In my very personal opinion the best leadership model is a balance of What, How and Team Improvement, and the more people those responsibilities are spread amongst the better. In practical terms I’d like to see a team with a PO to determine the What but a PO who actively engages with the team. A coach that is focused on the Team’s improvement and process improvement, and the rest of the team is responsible for the How.  Within the team there is no need to identify a senior or a leader they can work out amongst themselves how best to make decisions and titles get in the way.  This model may come with a cost and it may be difficult to get the balance right but in my experience this balance leads to the best results.

Ironically the examples of leaders that I have seen as being successful (as measured by both results and team morale) have voluntarily and noticeable made themselves servant leaders, stepping back and inviting the team in, choosing to give away authority and creating healthy debate and healthy conflict.
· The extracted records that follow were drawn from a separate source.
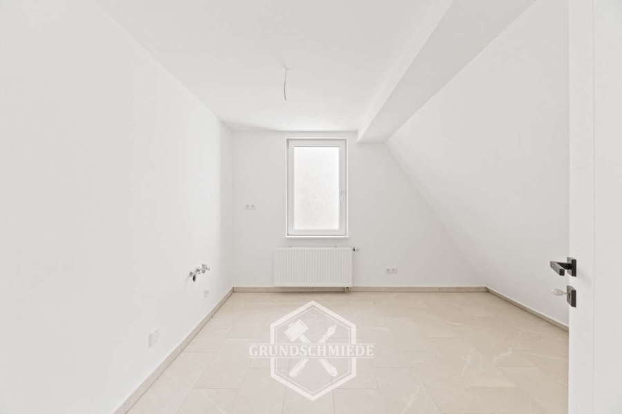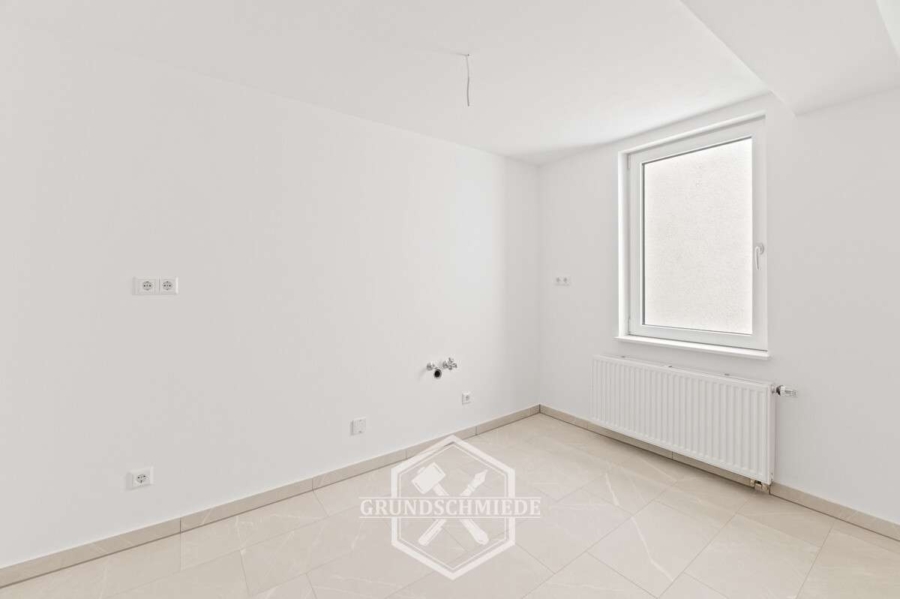 Die Anschlüsse für den Einbau einer Küche befinden sich in dieser Wohnung, in einem extra Zimmer.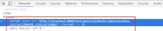 那为什么将dataType="jsonp"的形式,跨域请求就能成功呢?原因是因为当设置ajax请求的dataType="jsonp"时,实际上是在<html>的<head>中动态添加了一条<script>标签。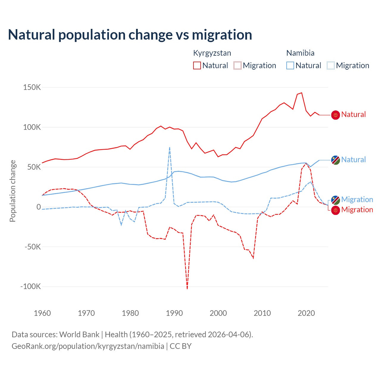 Over the last 10 years, 88.5% of the population change in Kyrgyzstan is from natural causes (a gain of 1,258,837 people) and 11.5% is from migration (a gain of 164,132 people). In Namibia 74.3% is from natural causes (a gain of 532,532 people) and 25.7% is from migration (a gain of 183,837 people).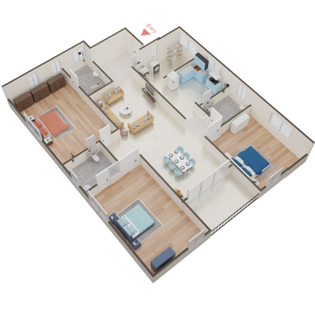 - Living, Dining and Bedrooms shall have First quality vitrified tiles from SOMANY / RAK / KAJARIA of 4’ feet * 2’ feet tiles with 4” inch height skirting (rate of Rs. 100 per sq. ft.).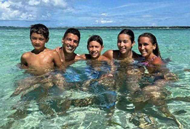 最近,苏亚雷斯带着全家人前往海岛度假,享受夏日阳光和美好时光。苏亚雷斯依旧笑容满面,那标志性的大门牙依然吸引眼球。虽已是38岁的他,身着沙滩裤,上身赤裸,肌肉线条依然明显,展现出自律训练的成果。而他的妻子同样保养有加,身材窈窕、容颜俊美。三个孩子中,两个儿子更像苏亚雷斯,而女儿则更像妻子,同样容貌出众。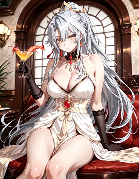 长银发,渐变发色,飘逸长发,马尾,编发,侧发,刘海,发饰,金色头饰,红色发带,黄色眼睛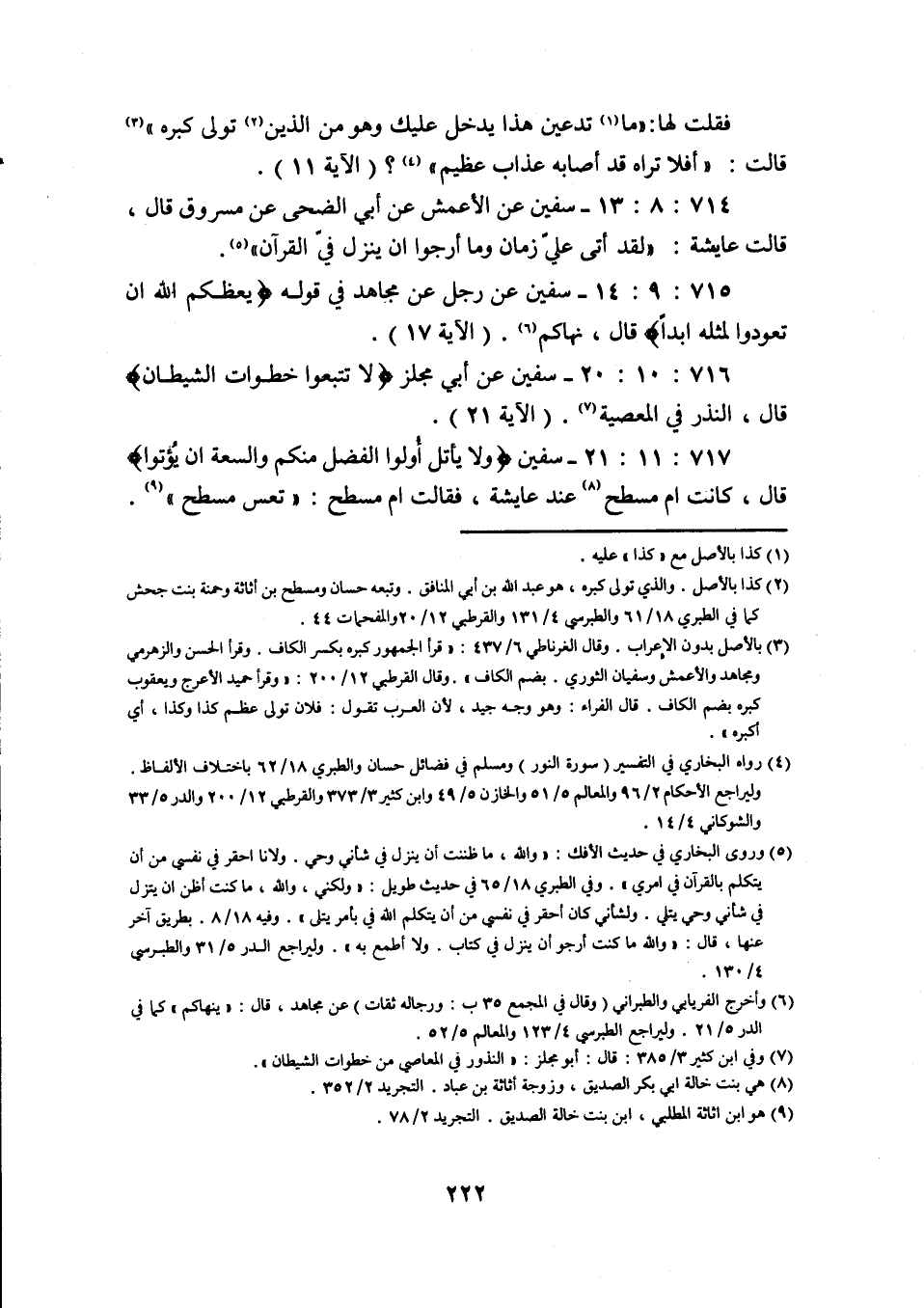 717: 11: 21 سفيان ولا يأتل أولوا الْفَضْلِ مِنْكُمْ وَالسَّعَةِ أَنْ يُؤْتُوا قَالَ كَانَتْ أُمُّ مِسْطَحٍ عِنْدَ عايشة فَقَالَتْ أُمُّ مِسْطَحٍ تَعِسَ مِسْطَحٌ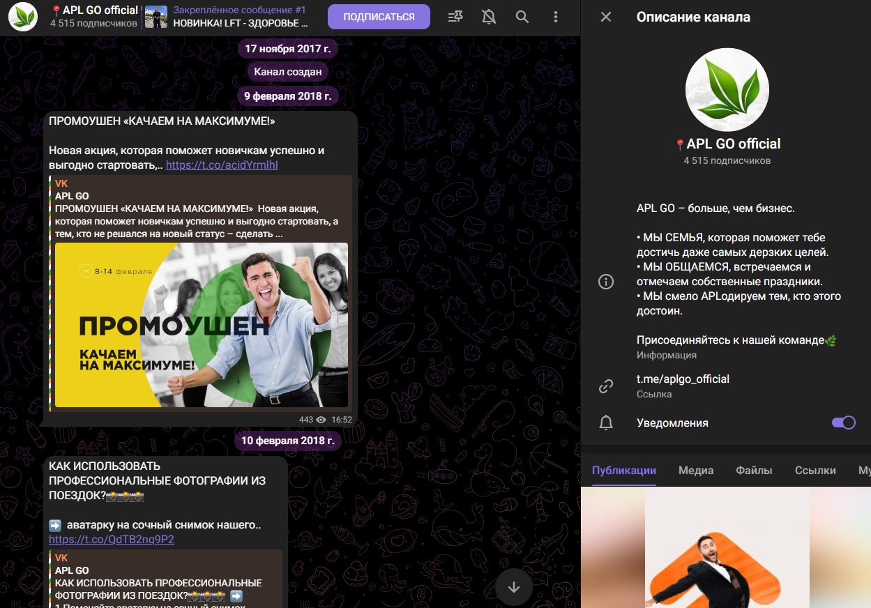 ООО «ЭйПиЭл РУС» активно привлекает новых клиентов через публичные каналы в популярных социальных сетях и мессенджерах. Например, телеграмм-канал был зарегистрирован в ноябре 2017 года, но первый пост появился только в феврале 2018 года. Команда называет себя полноценной семьей и предлагает каждому желающему присоединиться.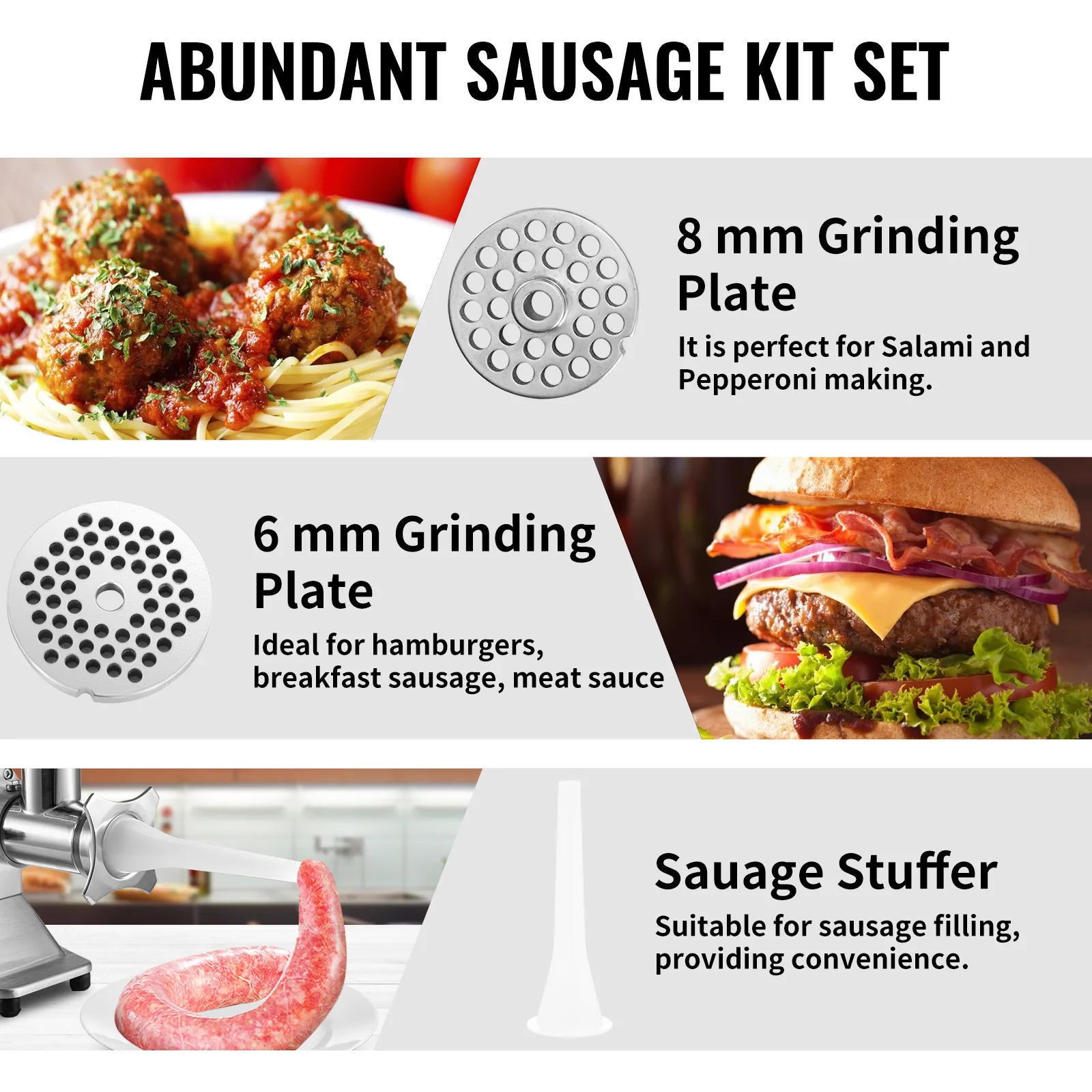 Wir bieten Ihnen komplettes Zubehör wie eine 6-mm-Schleifplatte, eine 8-mm-Schleifplatte, 2 scharfe Klingen, ein Fleischtablett, einen Hals, eine Schubstange, ein Wurstset und einige Installationskomponenten.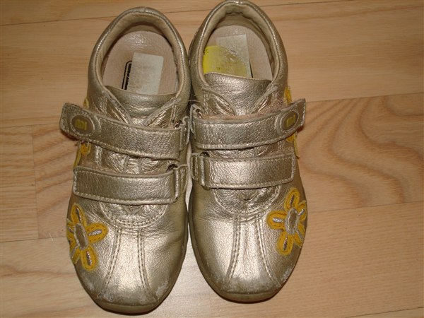 ADI sko str 25 guldfarvet med blomster ikke udtrådte..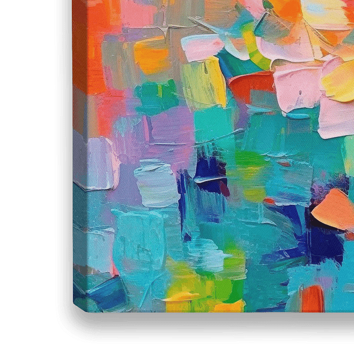 Modernes abstraktes Kunstwerk, das die visuellen Sinne mit seiner lebendigen Farbpalette und dynamischen Komposition anregt. Die Pinselstriche sind ausdrucksstark mit warmen Tönen, die eine fröhliche Sommeratmosphäre schaffen.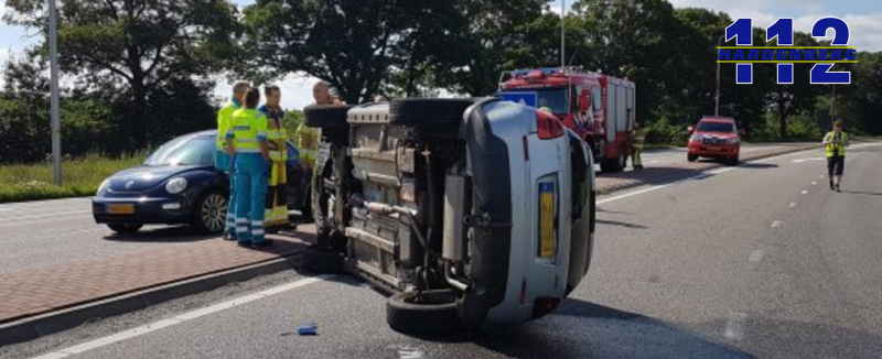 Auto belandt op zijn kant bij Ommen zondag 9 juli 2017 Gert Stegeman Beelden Klaas Lunshof. Ommen – Een auto is vanochtend op zijn kant beland op de N48 bij de rotonde in Ommen. De bestuurder kwam met de schrik vrij. Onderzocht wordt of de bestuurder onder invloed was.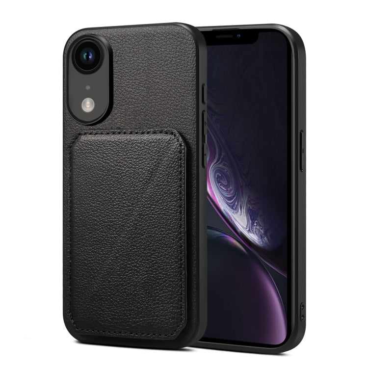Funda Trasera para iPhone Xr de Piel de Becerro de Imitación con Soporte (Negro)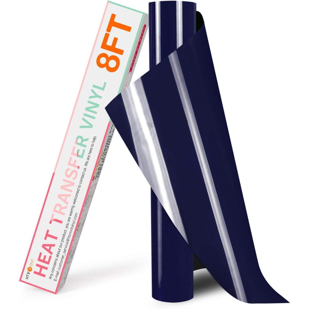 HTVRONT HTV Roll Heat Transfer Vinyl – 12″ x 8ft White HTV Vinyl for Shirts, Iron on Vinyl for All Cutting Machine – Easy to Cut & Weed for Heat Transfer Design (White)(A-Dark Blue)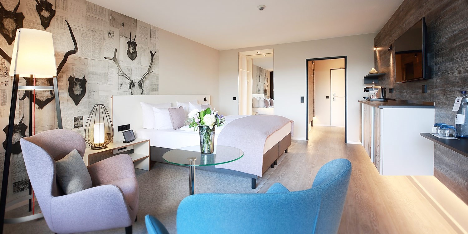 - Sie schlafen im 32 m² großen Doppelzimmer mit Balkon oder Terrasse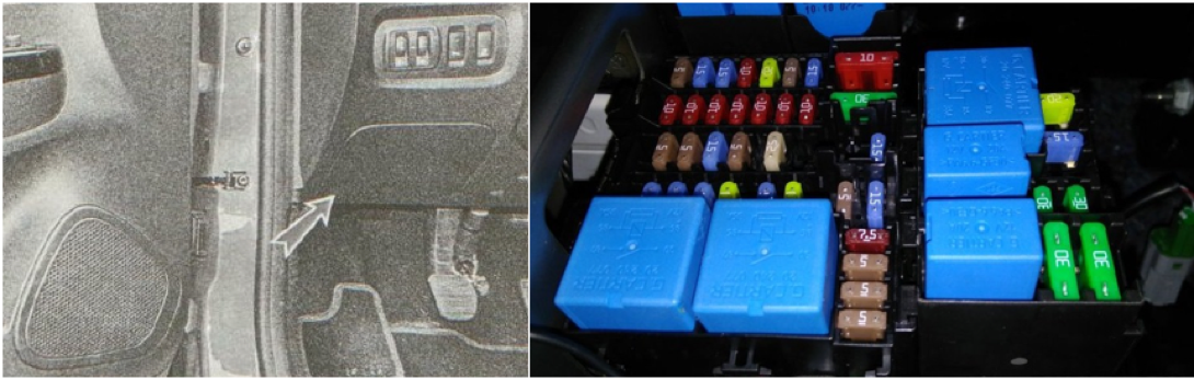 Монтажный блок в салоне автомобиля расположен со стороны водителя в нижней части панели управления. Для доступа необходимо снять защитную крышку.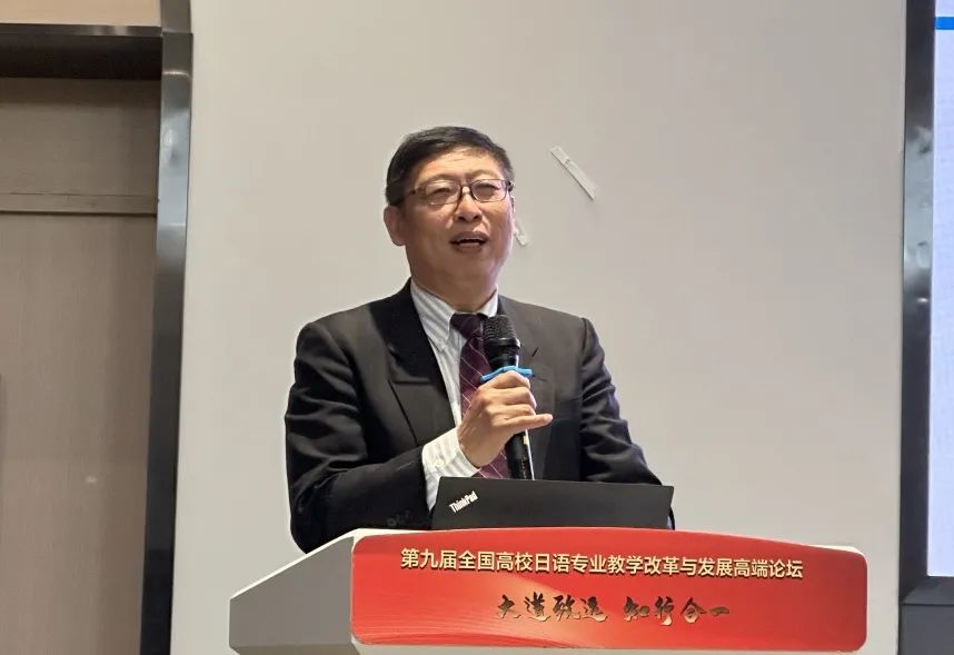 主旨报告环节中,教育部高等学校外国语言文学类专业教学指导委员会副主任委员、天津外国语大学修刚教授以“服务国家战略,创新外语教育——新时代日语专业教育的新使命”为题做主旨报告,并指出,新时代的日语教育要适应新文科、高等教育普及的新形势,满足立德树人、传播中国声音的新需求,培养具有家国情怀、国际视野的特色日语人才。

So if that is how they lead effectively why not make that the model to start from?

Why I came to adopt an Agile mindset.

Ultimately it was because of seeing poor leaders disempower the team and abuse teams into death marches and drive poor design decisions that I came into Agile in the first place. I saw Agile as a method for empowering the teams and taking away abusive power from lone leaders. The stimulating of constructive conflict and healthy debate are so essential to the process that I object to any impediment to this on principle.

To my delight in most cases Agile has done that and so much more, in a creative environment like software the gains of self organised teams so massively outweigh the losses that result from a lack of a single clear leader that I am more confident in my opinion that the words ‘lead’ or ‘manager’ have no place in job titles on an agile team. I would love to trial and experiment to compare, but as much of this comes down to the personality of the people involved it is hard to do more than make subjective experience based assessments.